Museum Meermanno and the National Library of the Netherlands (KB) cordially invite you for a seminar on The Art of Reading, which will take place on Thursday 15 February.
This seminar is one of the activities organised as part of the exhibition ‘The Art of Reading. From William Kentridge to Wikipedia’, which is on view until 5 March 2018.
During the seminar on 15 February various speakers will share their view on the art of reading: how does reading work, what is the difference between reading on paper and on screen? and: is reading in itself an form of art?
After the seminar there will be ample opportunity to visit the exhibition. Tickets for the seminar can be booked via: aanmelden@meermanno.nl
Time and location
Thursday 15 February 14.15 – 17.00 h
Museum Meermanno, Prinsessegracht 30, The Hague
Tickets € 7,50 (not including museum entrance – Museum Card valid)

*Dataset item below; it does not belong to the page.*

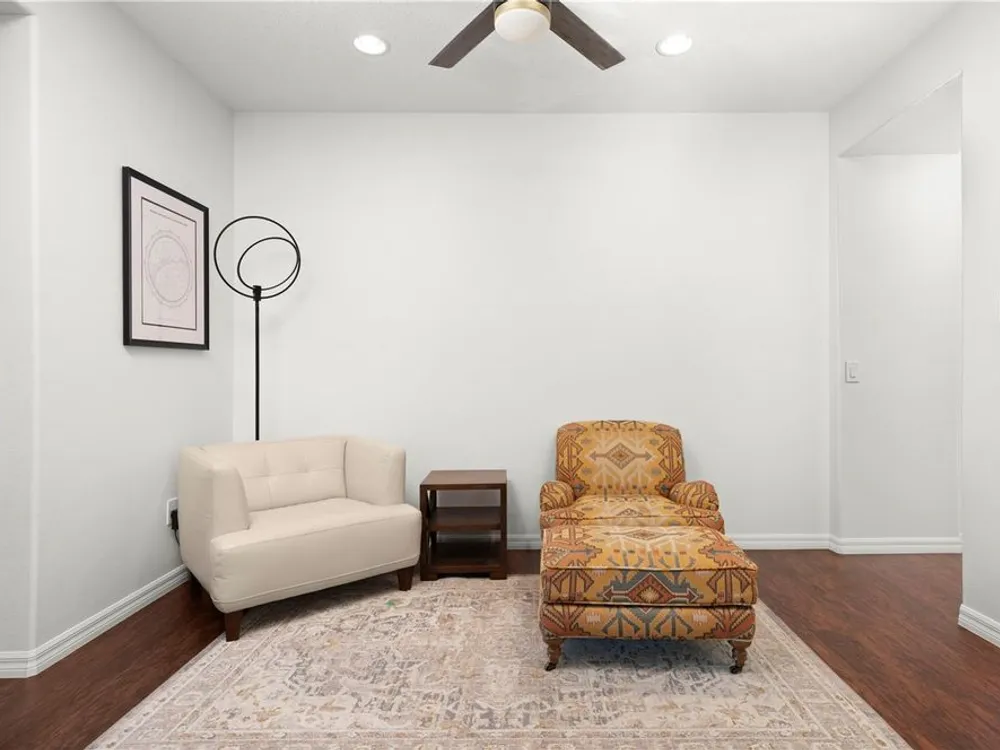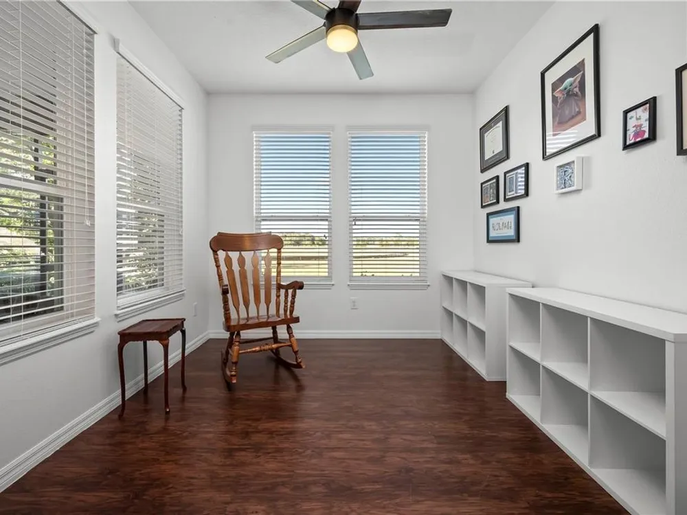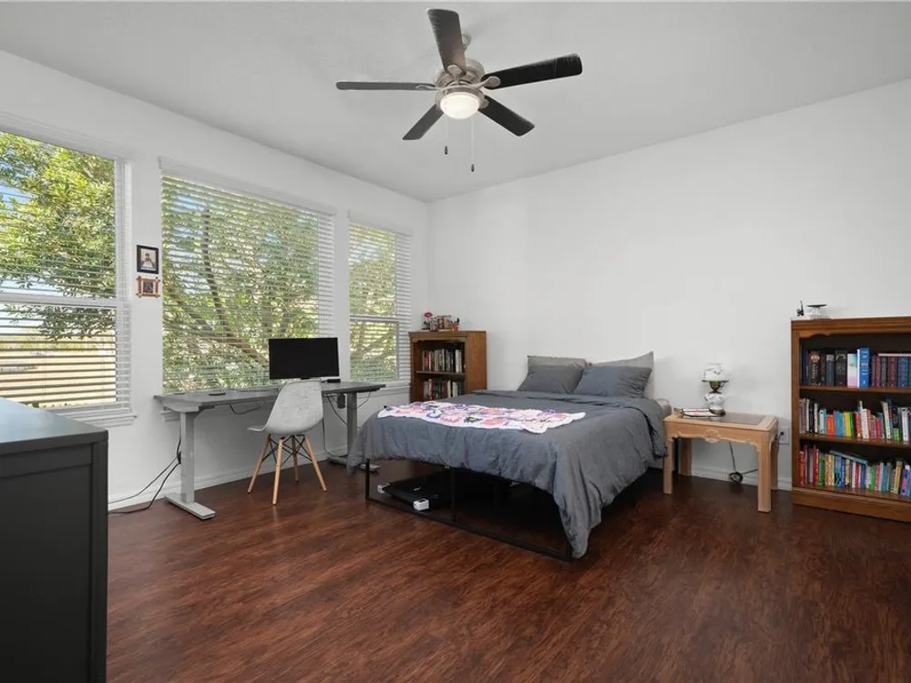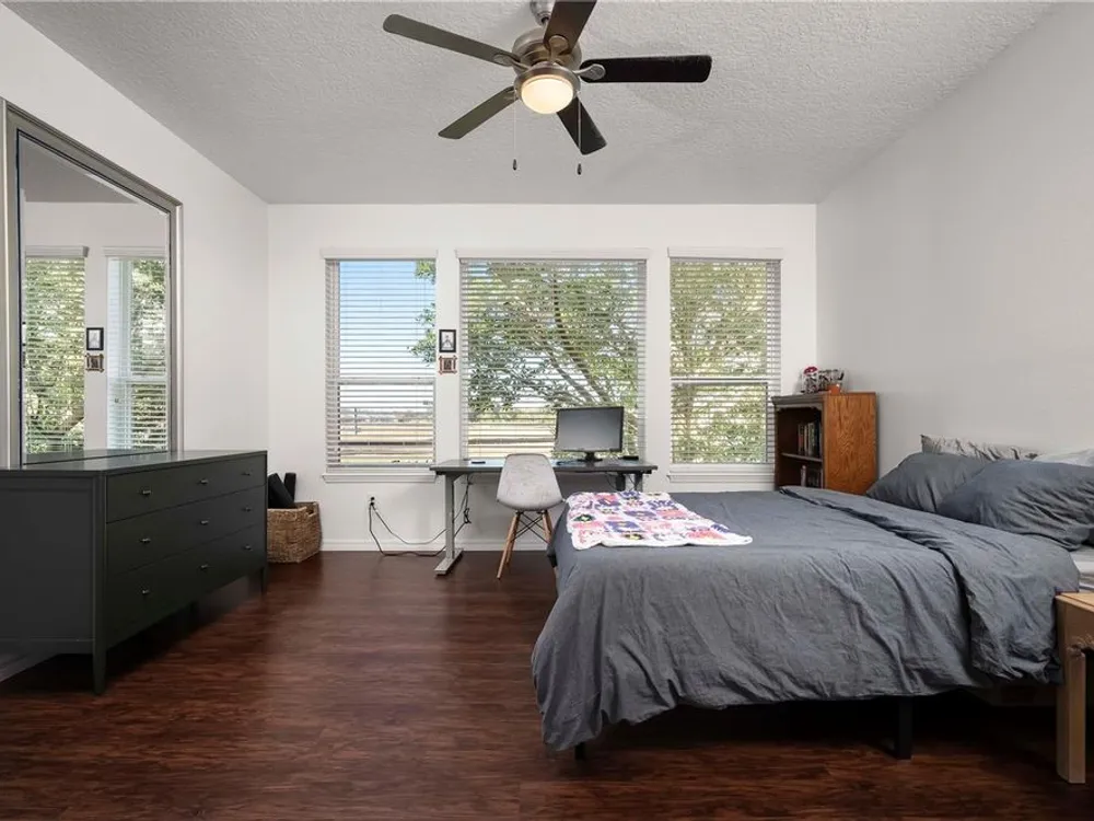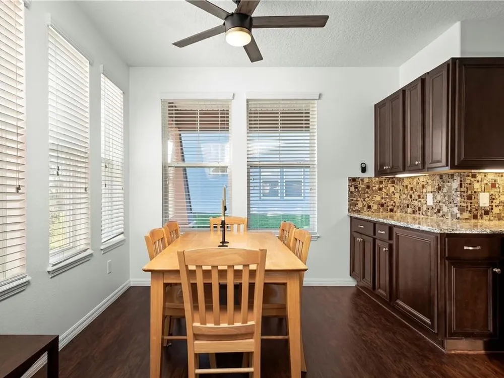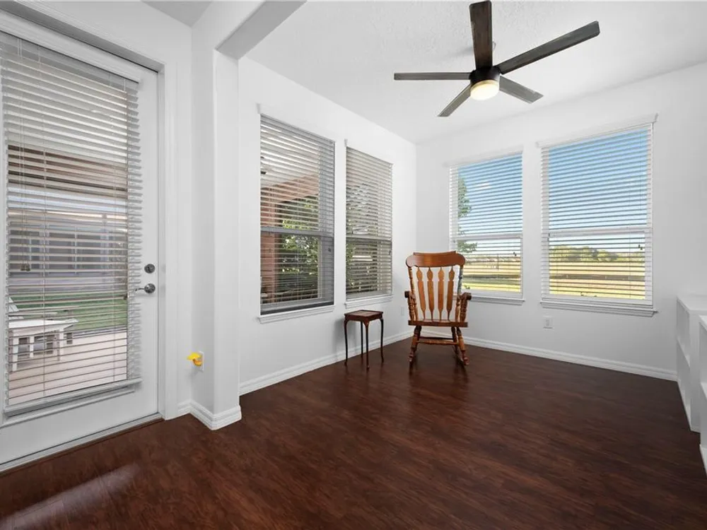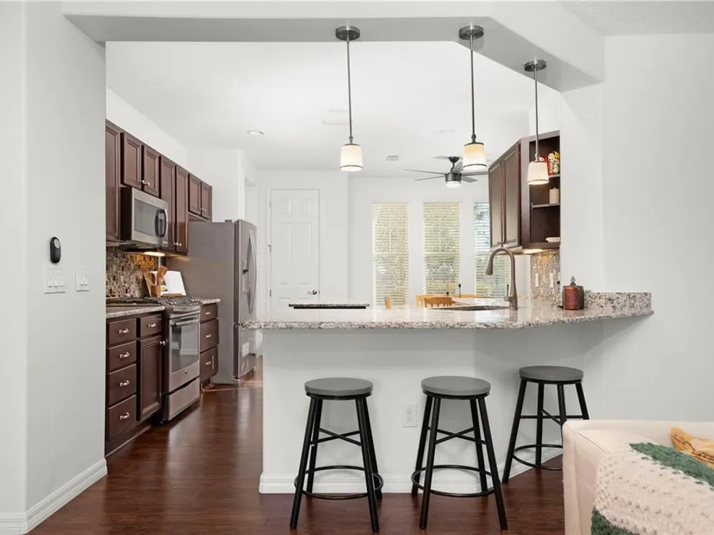 - Ceiling Fan(s), Eat-in Kitchen, High Ceilings, Open Floorplan, Main Level Primary, Split Bedrooms, Stone Counters, Thermostat

NBV-members: € 5,00 (not including museum entrance – Museum Card valid)
Programme
14.15-14.20 Welcome
14.20-14.40 Paul van Capelleveen (National library of the Netherlands, curator of the exhibition): The Art of Reading
14.40-15.10 Adriaan van der Weel (Leiden University/EREAD-Cost): Evolution of reading in the age of digitization/ Books and Screens and the Reading Brain
Professor Adriaan van der Weel is professor of Book History at Leiden Universiteit. Together with 180 researchers from various disciplines (alpha-, beta- and gamma-sciences) he founded a European research network aimed to study the differences between reading from paper and reading form screen (E-READ: Evolution of reading in the age of digitisation). At this moment he is working together with Ruud Hisgen on a book on the history and the future of reading, which will shortly be published.

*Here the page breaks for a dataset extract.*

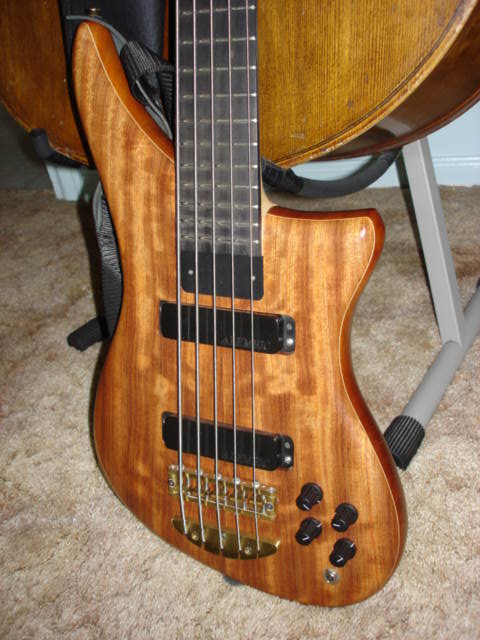 On the left is my 95 Epic 4 with a flame maple top.  On the right is my new 98 Epic 5.  It has a Bubinga top and burl Bubinga headstock laminate.  It's wonderful to finally hear that deep, rich Alembic low-B.  The prop is my German upright, circa 1910.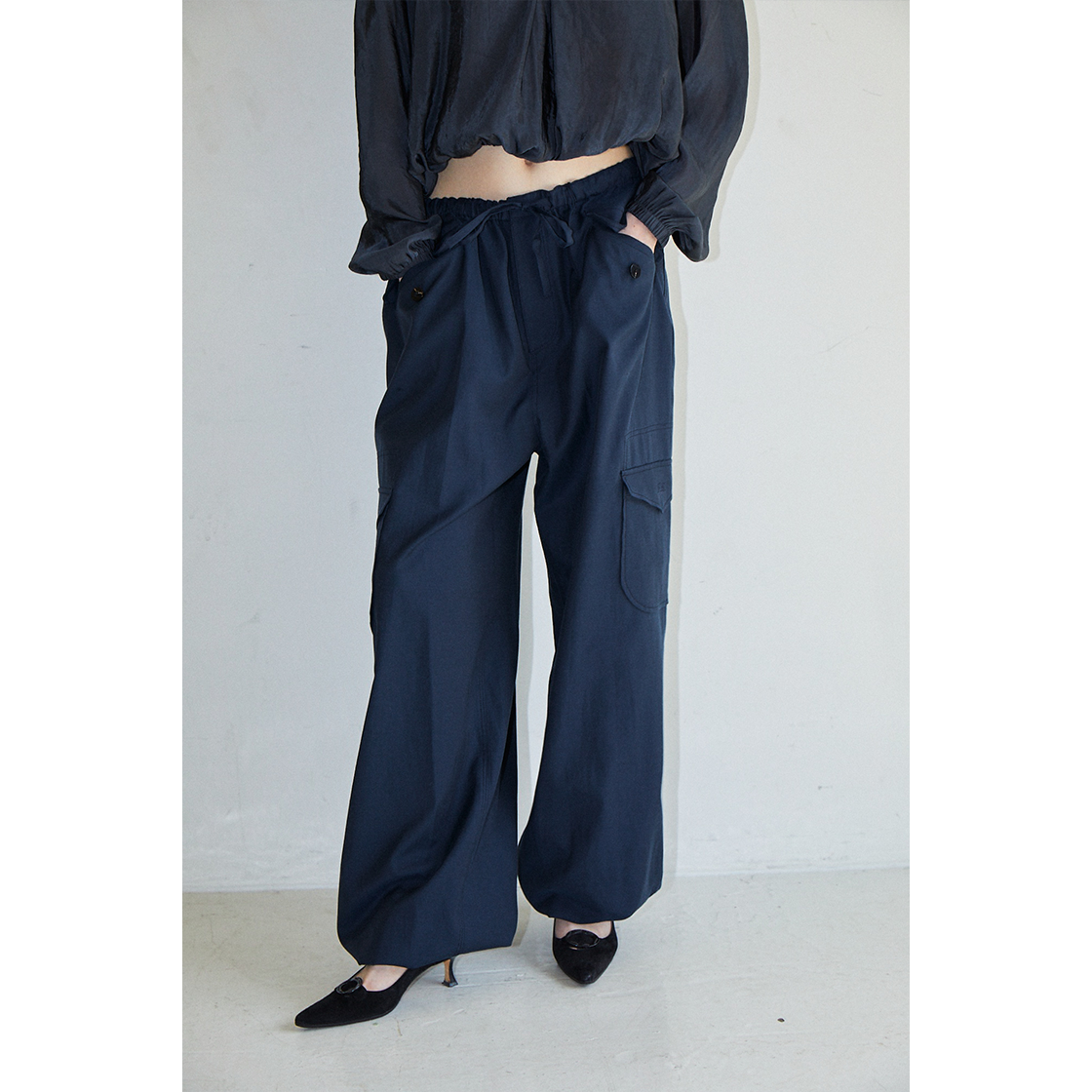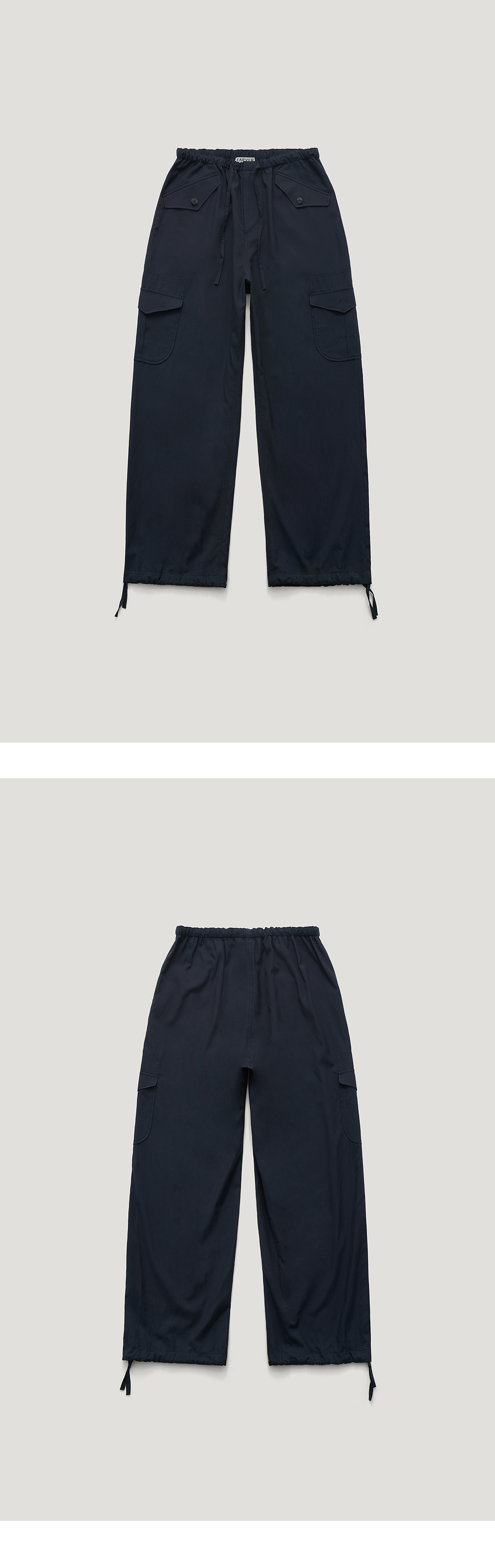 [배송 안내] *해당 상품은 9/25(수)부터 순차적으로 예약 배송되는 상품입니다. 179G 중량의 부드러운 코튼, 레이온 혼방 소재로 만들어진 카고팬츠입니다. 릴랙스드 핏으로 이루어져 있으며, 포켓의 덮개 한쪽에는 FR로고가 자수로 장식되어 있으며, 사이즈 조절이 가능한 패브릭 스트랩과 버튼이 있습니다. 네이비, 블랙, 아이보리 3가지 컬러로 아이보리컬러에는 안감이 있어 비침을 최소로하였으며 일상에서 다양하게 스타일링하기 좋은 팬츠입니다.

15.10-15.45 Simon Morris (Artist / Director of Research School of Art, Architecture and Design Leeds Beckett University): Reading as Art
Professor Simon Morris examines the relationship between reading and art and how this could be seen as its own form of making. His work The Royal Road to the Unconscious (2003), in which he experiments with Sigmund Freud’s Interpretation of Dreams, is on view in the current exhibition.
Morris abandons Freud’s book to completely random acts. Copies of the book have been cut to pieces, separate words being tossed from a moving car. Photos capture both the chaos and the new arrangement with a vacuum cleaner. Is this how our brains process information?
15.45-16.15 Discussion
16.15-17.00 Visit to exhibition & drinks
About the exhibition ‘The Art of Reading. From William Kentridge to Wikipedia’

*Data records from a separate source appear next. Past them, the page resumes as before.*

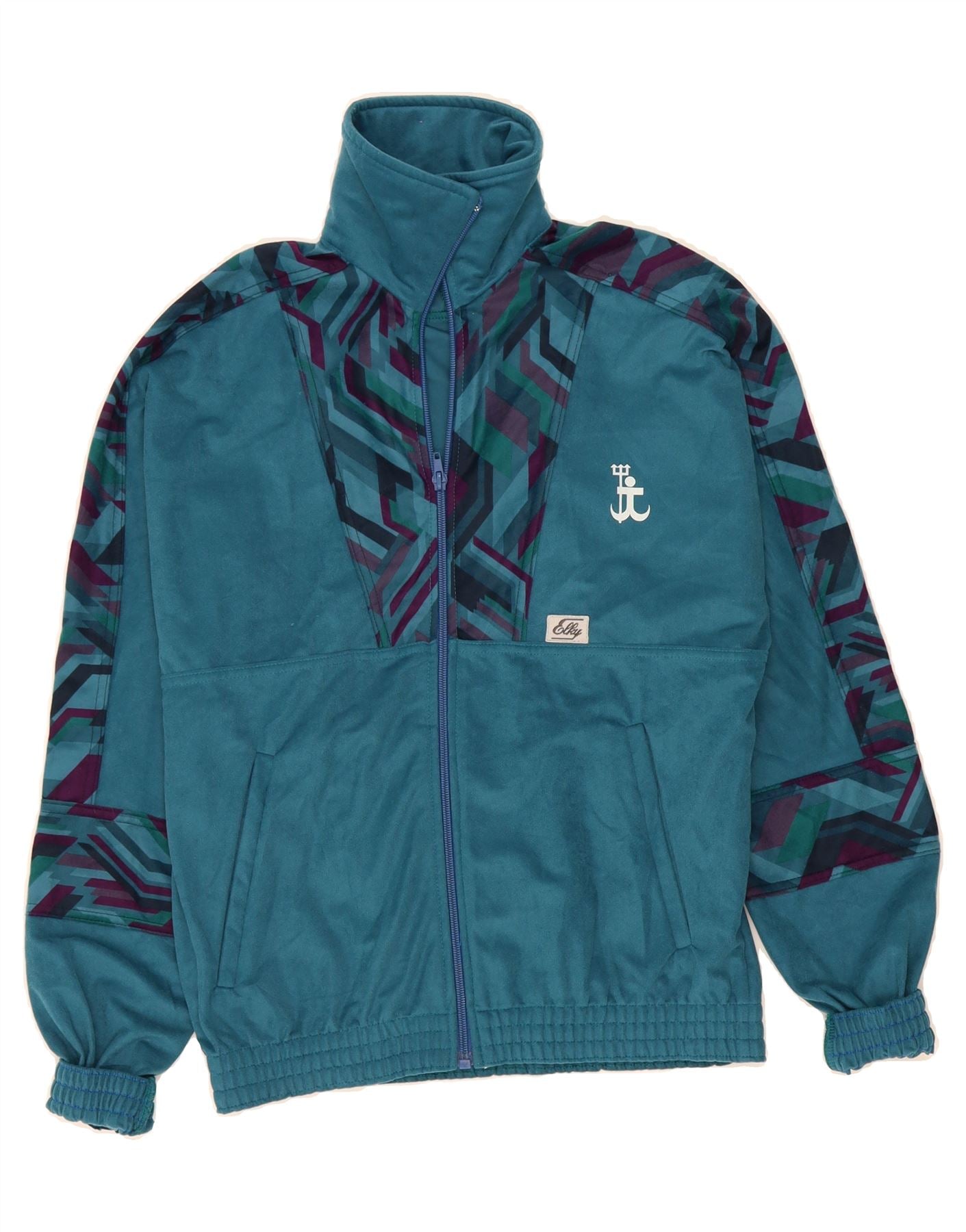 VINTAGE Mens Velvet Full Tracksuit Medium Blue Geometric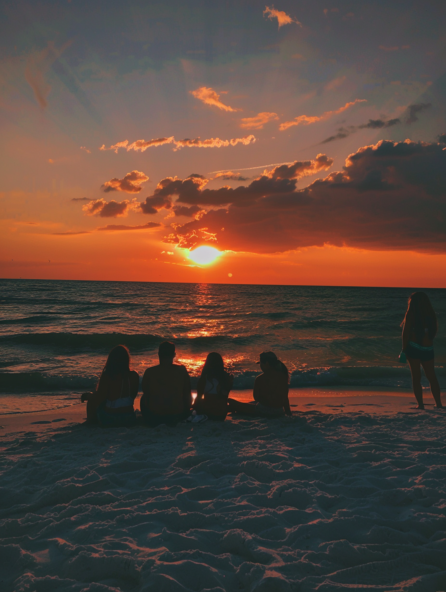 Silhouetted group on a beach at sunset, with vibrant orange sky and ocean waves. A serene and tranquil scene.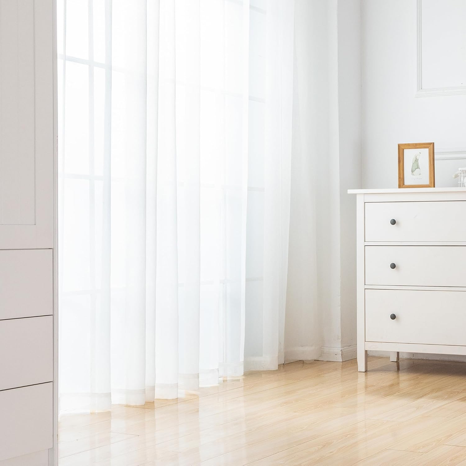 - Functional: The sheer white curtains keep out the strong sun rays, so you can enjoy the sun without too much glare, which is a good light adjustment of the room. They also versatile to go with any decor especially like bedroom, living room, guest, dinning, nursery room. Meantime the light filtering panel is also suitable for casual, modern luxury, and country pure style.

Step into a laboratory of over twenty installations of artists from the Netherlands and abroad which will introduce the visitor to the various aspects of reading. The exhibition deals with issues such as the difference between looking and reading, the fragility of text on the internet, and the need for fixed texts, the different kinds of reading, the interaction between technology and specific modes of reading, between paper and online and the choice between concentration and stimulation.
About The House of the Book
The Art of Reading is an exhibition by The House of the Book, a joint programme of Museum Meermanno and the National Library of the Netherlands (KB). The House of the Book unites people around books. It investigates the meaning of books, book forms, experiments around books, makers and readers, of the past, the present and the future. Not just at the Museum Meermanno or at the KB, but throughout the country: in public libraries, schools and other, inspiring places.